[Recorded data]
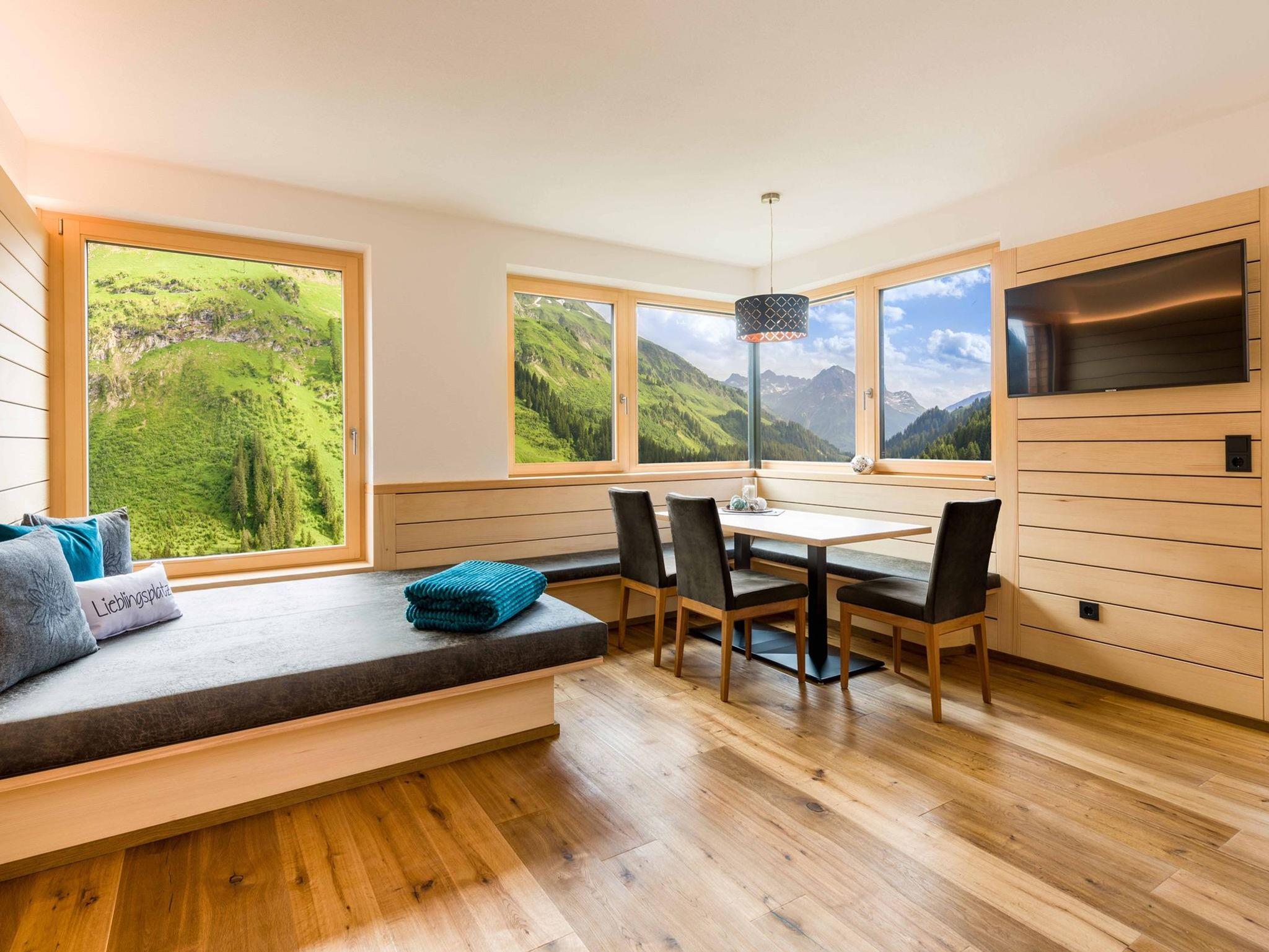 Unser modern eingerichtetes, neu eröffnetes Haus liegt mitten im Skigebiet Warth-Schröcken. Zentral aber in ruhiger Lage können Sie hier ausgiebig die Seele baumeln lassen und sind gleichzeitig nah dran an Natur, Action und Tradition. Jedes der drei Appartements hat zwei Schlafzimmer mit jeweils separatem Badezimmer. Sie eignen sich daher perfekt sowohl für junge Familien als auch für befreundete Paare, die zusammen reisen. Die großzügig geschnittenen Wohnungen verfügen außerdem über eine moderne, komplett ausgestattete Küche, eine große Terrasse mit Traumblick-Garantie und einen eigenen Wellnessbereich mit privater Sauna und Liegewiese mit Panoramafenster.
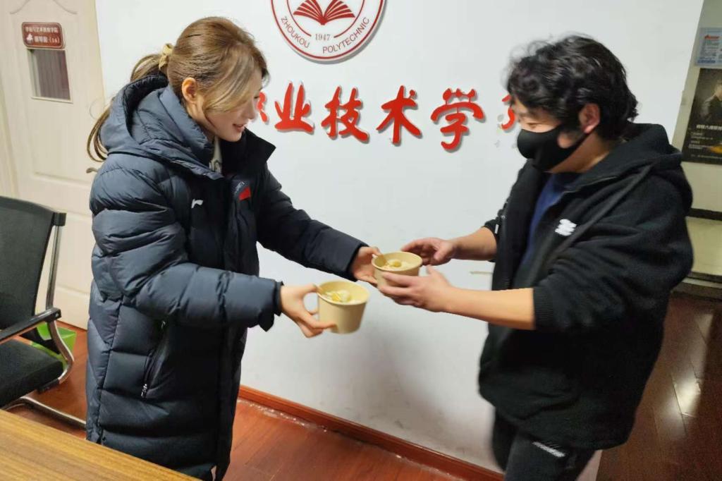 同学们为第九季“经典照亮人生”经典诵读活动的排练指导老师送上热腾腾的饺子,并致以诚挚的感谢与崇高的敬意。
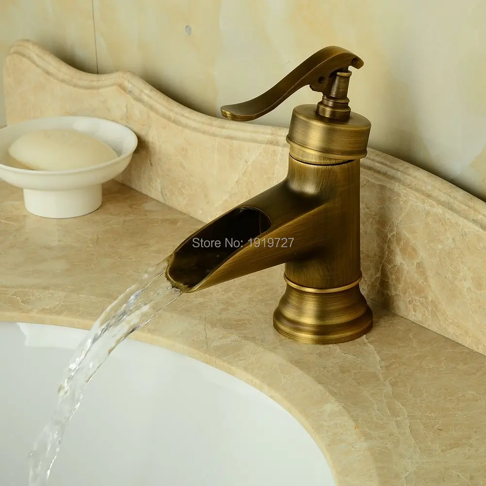 Ggstudy Antique Brass Waterfall Bathroom Sink Faucets Single Handle One Hole Deck Mount Lavatory Amazon In Home Improvement
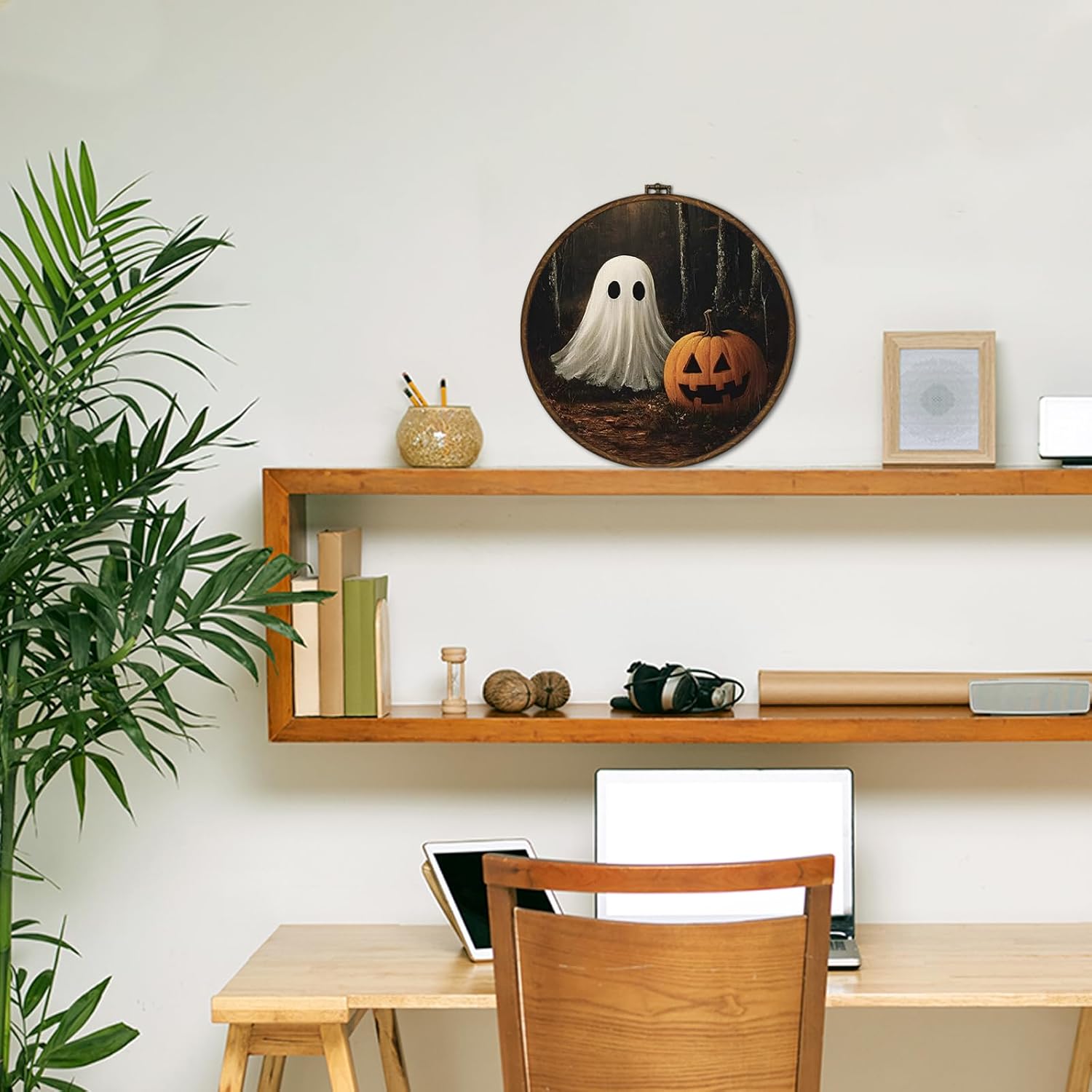 cvjutf Vintage Ghost Halloween Wall Art Framed, Ghost Bathroom Decor, Gothic Dark Academia Fall Round Wall Decor, Witchy Halloween Pumpkin Canvas Prints Art for Bedroom Bathroom Living Room, 10x10 In
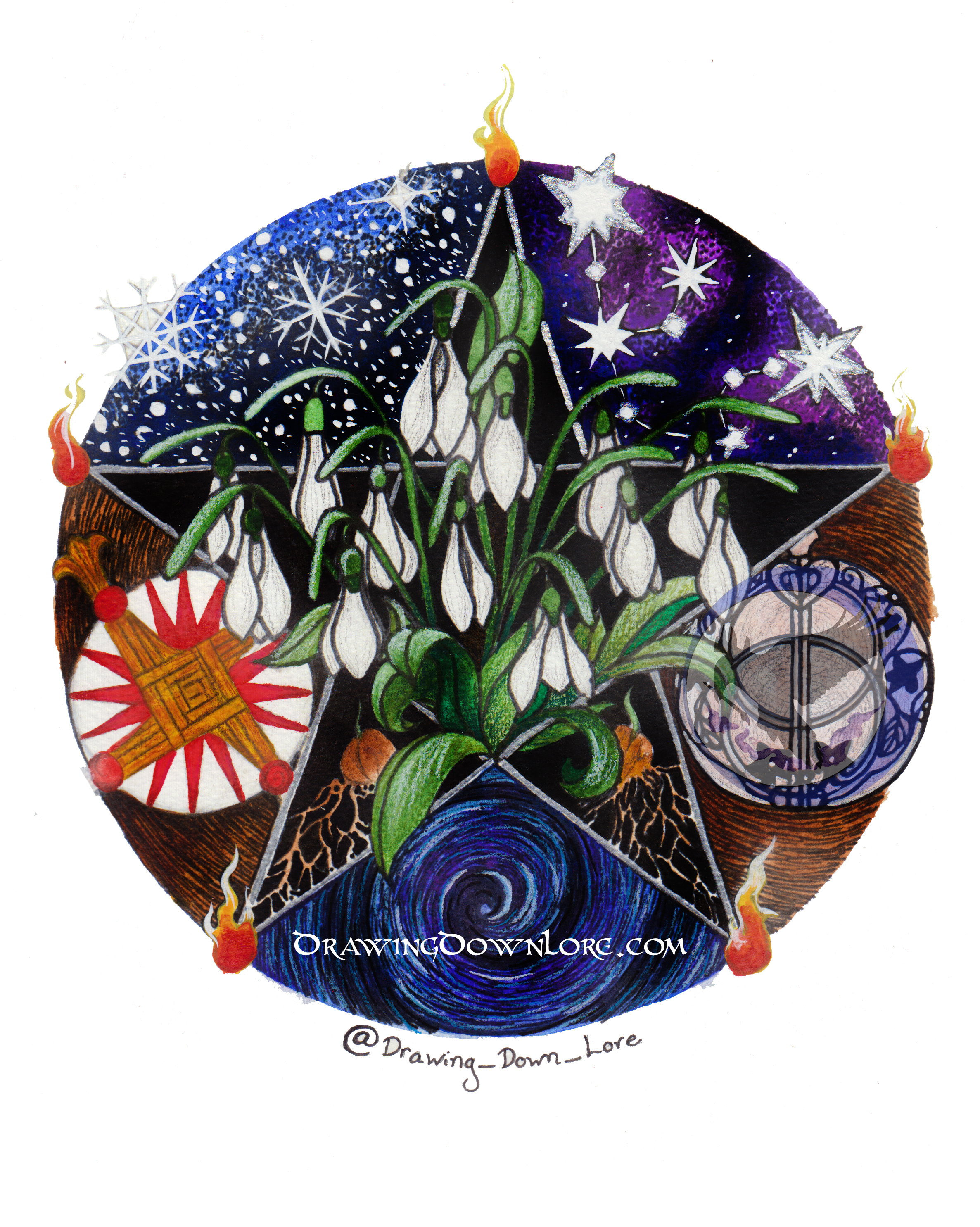 This is the fourth piece in my Wheel of the Year series. Winter snowdrops bloom from the center of the pentacle, surrounded by snow, stars, the Chalice Well from Glastonbury, and Brighid's Cross.

## What is required
Exact repetition is the task: every line from the start of the data to the line with "Ggstudy Antique Brass", inclusive, and none after it, pictures omitted.

## Reply
 Unser modern eingerichtetes, neu eröffnetes Haus liegt mitten im Skigebiet Warth-Schröcken. Zentral aber in ruhiger Lage können Sie hier ausgiebig die Seele baumeln lassen und sind gleichzeitig nah dran an Natur, Action und Tradition. Jedes der drei Appartements hat zwei Schlafzimmer mit jeweils separatem Badezimmer. Sie eignen sich daher perfekt sowohl für junge Familien als auch für befreundete Paare, die zusammen reisen. Die großzügig geschnittenen Wohnungen verfügen außerdem über eine moderne, komplett ausgestattete Küche, eine große Terrasse mit Traumblick-Garantie und einen eigenen Wellnessbereich mit privater Sauna und Liegewiese mit Panoramafenster.
 同学们为第九季“经典照亮人生”经典诵读活动的排练指导老师送上热腾腾的饺子,并致以诚挚的感谢与崇高的敬意。
 Ggstudy Antique Brass Waterfall Bathroom Sink Faucets Single Handle One Hole Deck Mount Lavatory Amazon In Home Improvement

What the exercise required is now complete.